== Exercise prompt ==
Begin with the line below holding "8月16日上午,由万慧达合伙" and go on through the line holding "They are herbaceous", duplicating each line exactly and leaving out pictures.

[Exercise data — start]

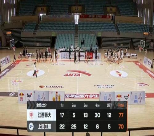 加時賽,金宇航兩罰先領先,孫發(fā)航二次進攻打成后三分再中反超1分,熊權造殺傷反超回來,丁伯儒籃下強打后金宇航再造殺傷領先到5分,顧凡反擊扣籃終結比賽,最終江西師大加時77-70逆轉上海工程。
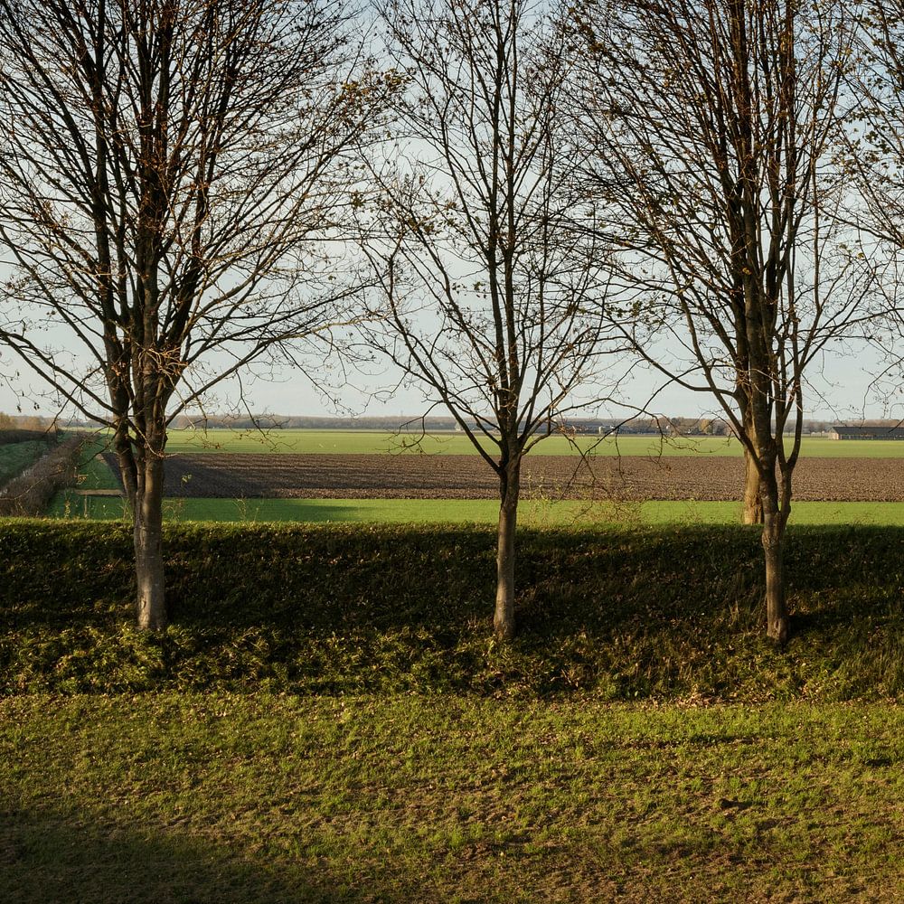 Bäume, Deiche, Wasser, Felder und blauer Himmel in Flevoland an einem blauen, klaren Tag kurz vor Sonnenuntergang
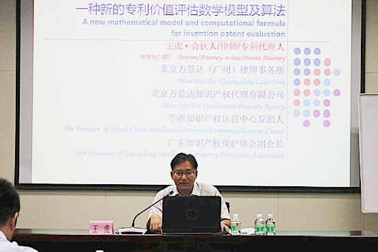 8月16日上午,由万慧达合伙人王虎老师为学员授课,授课主题是:一种新的专利权价值评估模式探索与实践。王虎老师以专利的可货币化为基础,介绍了专利作为一种资产的价值评估尺度即要遵循现值与相对值的评估规律,传统的三种专利价值评估方法即成本法、收益法、市场法,以及中技所的评估模型,并重点阐述了一种新的专利价值评估方法与模型即产业法。
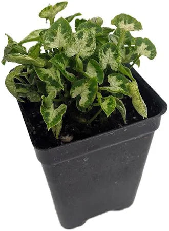 They are herbaceous plants growing from a rhizome. The leaves are evergreen, light and dark green, 15–35 cm long, and are usually arrowhead-shaped, with three lobes. The leaf shape can vary depending on the age of the plant.
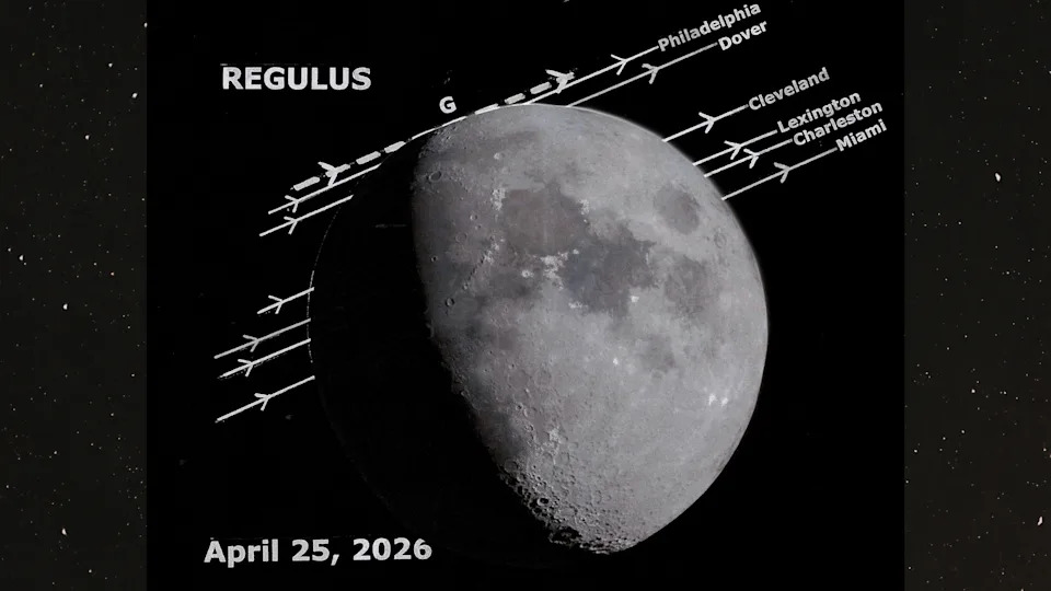 When you buy through links on our articles, Future and its syndication partners may earn a commission. If you live in the middle Atlantic or southeast part of the United States, you'll have an opportunity on Saturday evening, April 25, to see a 70% illuminated waxing gibbous moon gradually drift toward and ultimately hide the 1st-magnitude star, Regulus, the brightest star of the constellation Leo the Lion. This event is called an occultation, a word that is derived from the Latin occultāre, which means literally "to conceal." And if you are fortunate enough to live in the zone of visibility for this event (see below), that's exactly what you will see on Saturday evening: the moon, appearing to temporarily conceal Regulus from your view. Because the moon is waxing, its dark unilluminated portion faces forward as it advances eastward against the starry background. Regulus will thus disappear on the moon's dark limb. That event should easily be visible with binoculars and if your background sky is dark enough and if you have sharp vision, you may even be able to watch the occultation with the naked eye (though you might need to block the glare of the moon's bright portion behind a nearby wall or tree limb). Regulus will suddenly and dramatically "pop" off, as if a switch were thrown, a stunning demonstration of the moon's orbital motion and the star's tiny angular size. The star will reappear from behind the moon's sunlit edge sometime later. To see the reappearance, you'll most definitely need a telescope, since the star will be buried in the glare of the moon's brilliant limb — a tiny blue-white diamond suddenly and dramatically erupting into view on the lunar horizon. If you live anywhere to the south of a line that curves roughly from near De Tour Village, Michigan, across Lake Huron to Mississauga, Ontario, then on southeast across a portion of western New York, northeast Pennsylvania and continuing through western and central New Jersey, you'll see the moon passing in front of Regulus. If you live north of this line, you'll see the moon slowly glide below Regulus, resulting in a tantalizing near miss! From New York City, Regulus will appear closest to the moon's dark upper limb at 9:04 p.m. EDT, missing it by just a scant 30 arc seconds or a mere 1/63 of a lunar diameter! From Boston, the closest approach comes at the same time as New York, but the gap between the two will be somewhat wider, equivalent to 2.9 arc minutes or about 0.05 degrees. Still exceptionally close. And if your town or city happens to lie fortuitously within about two or three miles on either side of the line, you may have an unusual opportunity to see the grazing occultation of a 1st-magnitude star. As Regulus appears to move tangent to the moon, it might just disappear and reappear a few times along the rugged terrain of the moon's dark limb, just off to the left of its upper cusp. The best place to witness this is New Jersey, where twilight will be rapidly fading and the background sky will be quite dark. Another important consideration is whether the occultation occurs against a dark sky, a twilight sky, or a daytime sky. The optimal locations for viewing this event will be central and southern New Jersey, as well as near and along the Pennsylvania/New Jersey border. Also, right along and near the immediate shoreline of the Delmarva Peninsula, down to about Ocean City, Maryland. Lastly, the Outer Banks of North Carolina. From all these locations, Regulus will disappear behind the moon's dark limb against a cobalt-blue sky during nautical or late twilight, with the sun at least 12 degrees below the horizon. Going about 100 miles to the west places you under mid-twilight conditions; the background sky is a bit brighter, but you still should be able to see Regulus using binoculars. Going farther west, however, brightens the sky even more and anywhere west of a line from approximately central Michigan, going south through east-central Kentucky to the Gulf Coast will be bathed in full daylight. If you are using a telescope, you should still be able to get a glimpse of Regulus against the blue daytime sky, so long as your sky is clear and free of any haze and the sun is low to the horizon. Of course, it also helps when you know in advance that the star is situated right next to the moon. For all the above-mentioned locations, the reappearance of Regulus will occur either in a completely dark sky or during deep (late) twilight. We have provided a graphic showing Regulus's track behind the moon on the evening of April 25, as viewed from selected locations in the eastern United States. The table below provides the times of Regulus's disappearance and reappearance at 15 selected locations. All are in the Eastern time zone. Those times listed with an asterisk (*) indicate that the disappearance occurs either during bright evening twilight or at sunset. All other times occur during the period from mid-twilight through the end of evening twilight. Location Disappearance (ET) Reappearance (ET) Lexington, KY 8:18 p.m.* 9:24 p.m. Atlanta, GA 8:18 p.m.* 9:35 p.m. Detroit, MI 8:28 p.m.* 9:10 p.m. Charleston, WV 8:29 p.m.* 9:42 p.m. Cleveland, OH 8:30 p.m.* 9:14 p.m. Cape Canaveral, FL 8:30 p.m. 9:52 p.m. Miami, FL 8:33 p.m. 9:59 p.m. Norfolk, VA 8:41 p.m. 9:03 p.m. Niagara Falls, NY 8:42 p.m.* 9:02 p.m. Salisbury, MD 8:46 p.m. 9:24 p.m. Dover, DE 8:48 p.m. 9:20 p.m. Williamsport, PA 8:49 p.m. 9:09 p.m. Philadelphia, PA 8:52 p.m. 9:15 p.m. Atlantic City, NJ 8:54 p.m. 9:16 p.m. Allentown, PA 8:55 p.m. 9:09 p.m. A detailed set of predictions for 660 selected locations is available on the website of the International Occultation Timing Association (IOTA). Times are given in Universal Time (UT) and included is a color-coded map depicting the region of visibility. Joe Rao serves as an instructor and guest lecturer at New York's Hayden Planetarium. He writes about astronomy for Natural History magazine, Sky and Telescope, The Old

[Exercise data — finish]

== Reply to the task ==
 8月16日上午,由万慧达合伙人王虎老师为学员授课,授课主题是:一种新的专利权价值评估模式探索与实践。王虎老师以专利的可货币化为基础,介绍了专利作为一种资产的价值评估尺度即要遵循现值与相对值的评估规律,传统的三种专利价值评估方法即成本法、收益法、市场法,以及中技所的评估模型,并重点阐述了一种新的专利价值评估方法与模型即产业法。
 They are herbaceous plants growing from a rhizome. The leaves are evergreen, light and dark green, 15–35 cm long, and are usually arrowhead-shaped, with three lobes. The leaf shape can vary depending on the age of the plant.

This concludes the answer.